Approximately three-quarters of graduating general surgery chief residents pursue post-residency surgical fellowship training, leading to general surgery largely becoming a specialty-based practice [1,2,3,4,5]. In the US, more than 20 specialty fellowships of surgery are recognized; this does not include other surgical specialties, such as orthopedics, neurosurgery, urology, ophthalmology, and otolaryngology, all of which have separate residency training programs [6]. General surgery residents believe that pursuing specialty training will lead to better success in the job market, a better income, and potentially a better lifestyle [7]. While decision-making around specialty choice is complex, some key factors provide a framework for how learners can make an informed specialty choice. These include consideration of the types of cases and clinical problems that will be encountered in the specialty; quality of life and on-call responsibilities; competitiveness of the specialty’s fellowship match; the job market and financial compensation; alignment with extra-clinical research or advocacy interests; and the influence of mentors (Table 5.1) [2, 8].

Table 5.1 Considerations around making a specialty choice

5.1 Framework for Making a Surgical Specialty Choice

Do you want to be a specialist or (relative) generalist? Some specialties, such as hand surgery or transplantation, are relatively narrow in their scope of practice, both in terms of diseases treated and the variety of index cases performed. Others, such as surgical oncology, pediatric surgery, and trauma and acute care surgery, remain broader in disease scope and procedure types performed. Some learners are attracted to the “super-specialist” concept, where a narrow scope of practice allows for deep expertise, such that sooner rather than later it might be possible to comfortably take on the most complex cases within the field or be the pre-eminent content expert. In this scenario, variety is primarily derived from clinical nuance and complexity. In contrast, a more “generalist” practice may involve a wider variety of disease pathologies and anatomic locations.

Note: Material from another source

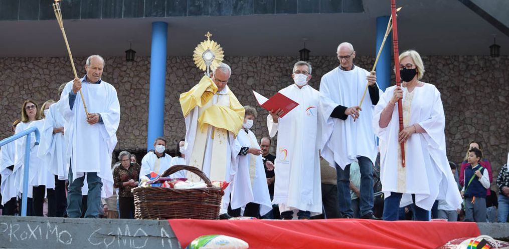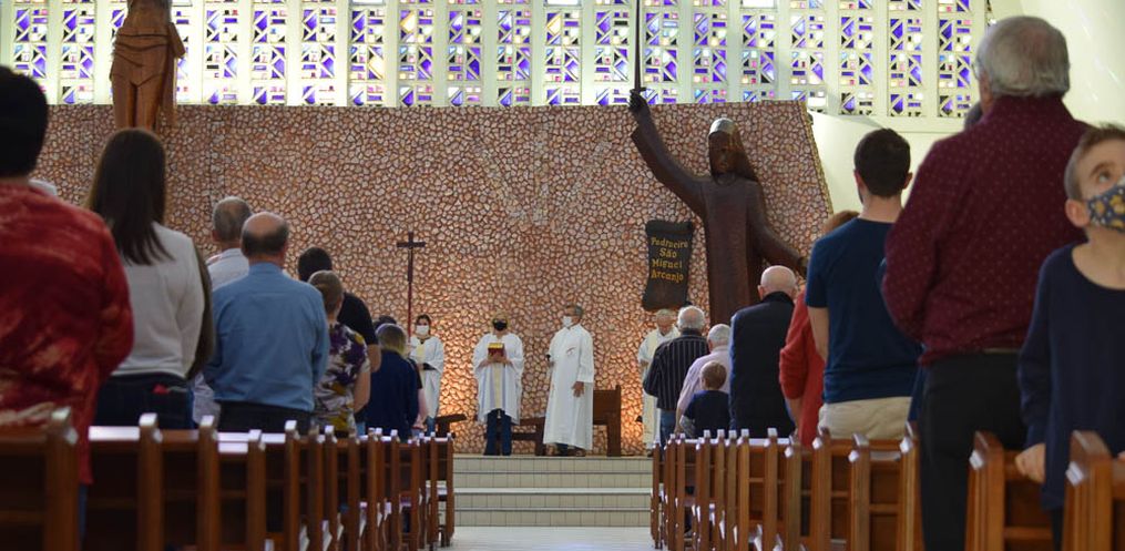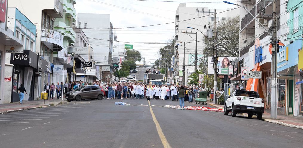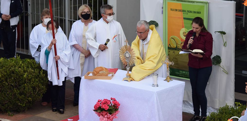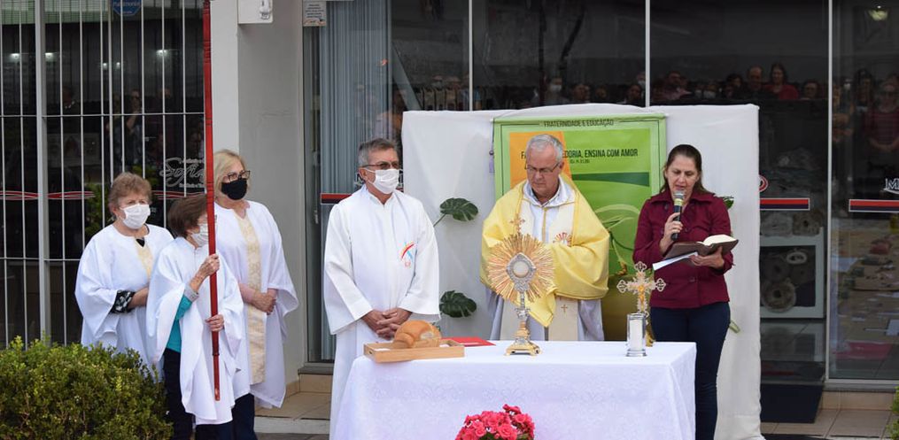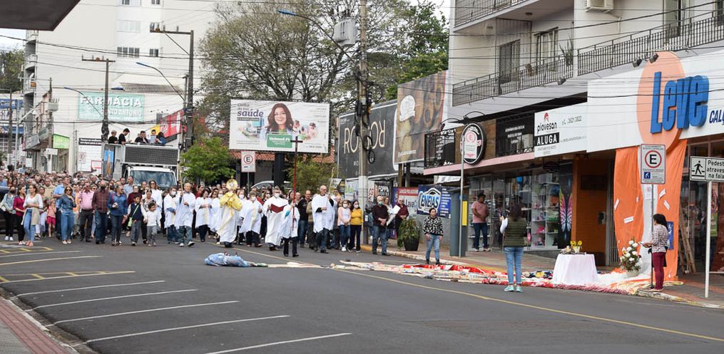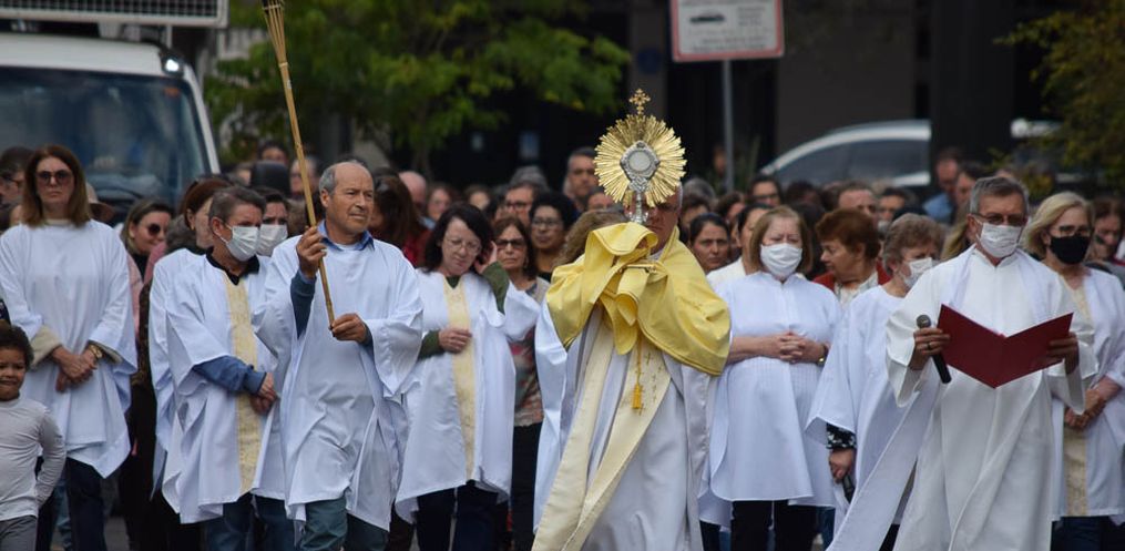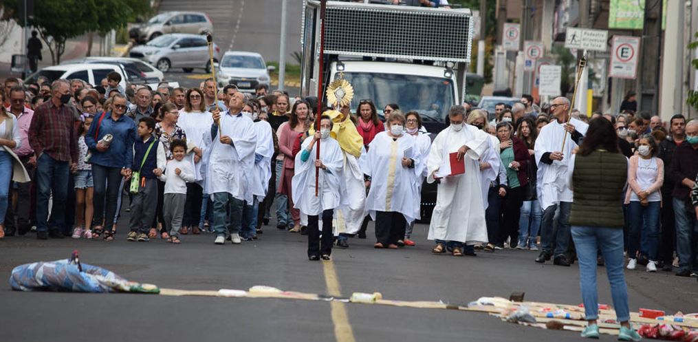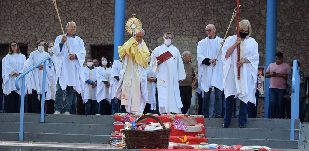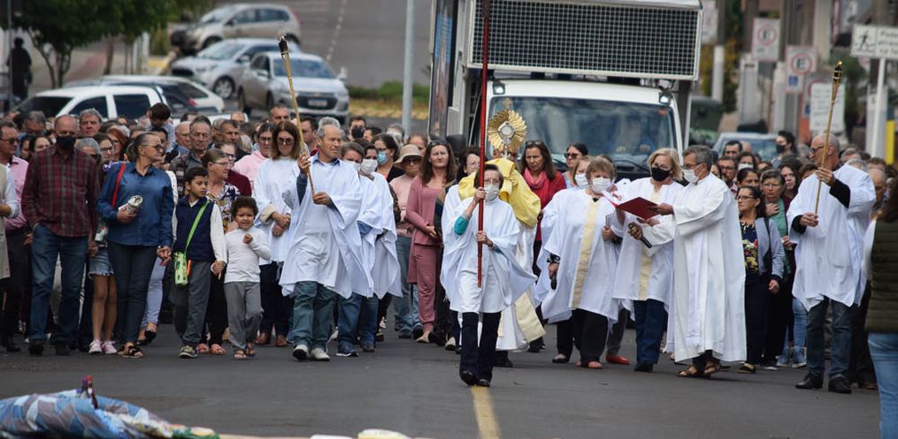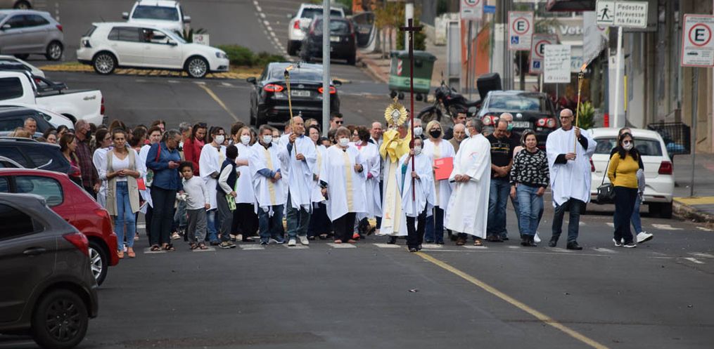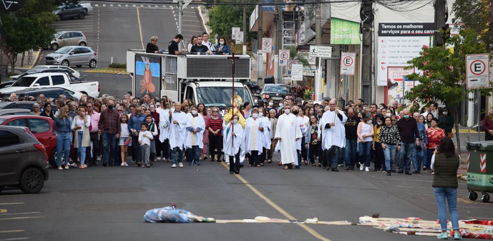 A Igreja Matriz São Miguel Arcanjo realizou na tarde desta quinta-feira, 16, após dois anos por causa da Covid-19, a tradicional Missa e Procissão de Corpus Christi. A celebração contou com a presença de muitos fiéis e a procissão foi realizada na quadra em torno da Matriz.

What types of patients do you want to care for? A high level of intellectual curiosity regarding the disease processes most commonly treated by the specialty is of critical importance in choosing a specialty. For example, a practice in surgical oncology requires a keen interest in tumor biology, multi-disciplinary care and coordination, and acumen in interacting with patients and families potentially facing end of life decisions. A practice in transplantation demands an understanding of rejection and immunosuppression as well as an appreciation for the social determinants that may impact a patient’s success after transplantation. As much as possible, decisions around specialty choice should be made in light of the common diagnoses and pathologies that will be encountered by the specialty (i.e. the ‘horses’) rather than the rare or exceptional cases (i.e. the ‘zebras’).

What are you needed to do? Almost all specialties have a mix of cases that could be considered “want to” and “need to,” and sometimes the “need to” can drive specialty choice. In most cases, a new surgeon’s early case mix will include a healthy number of “need to” cases, so comfort with these cases should be considered when making a specialty choice. For example, a person who enjoys living donor kidney transplantation will likely need to do a variety of dialysis access cases or deceased donor procurements before achieving a more advanced practice mix that includes more of the “want to” cases.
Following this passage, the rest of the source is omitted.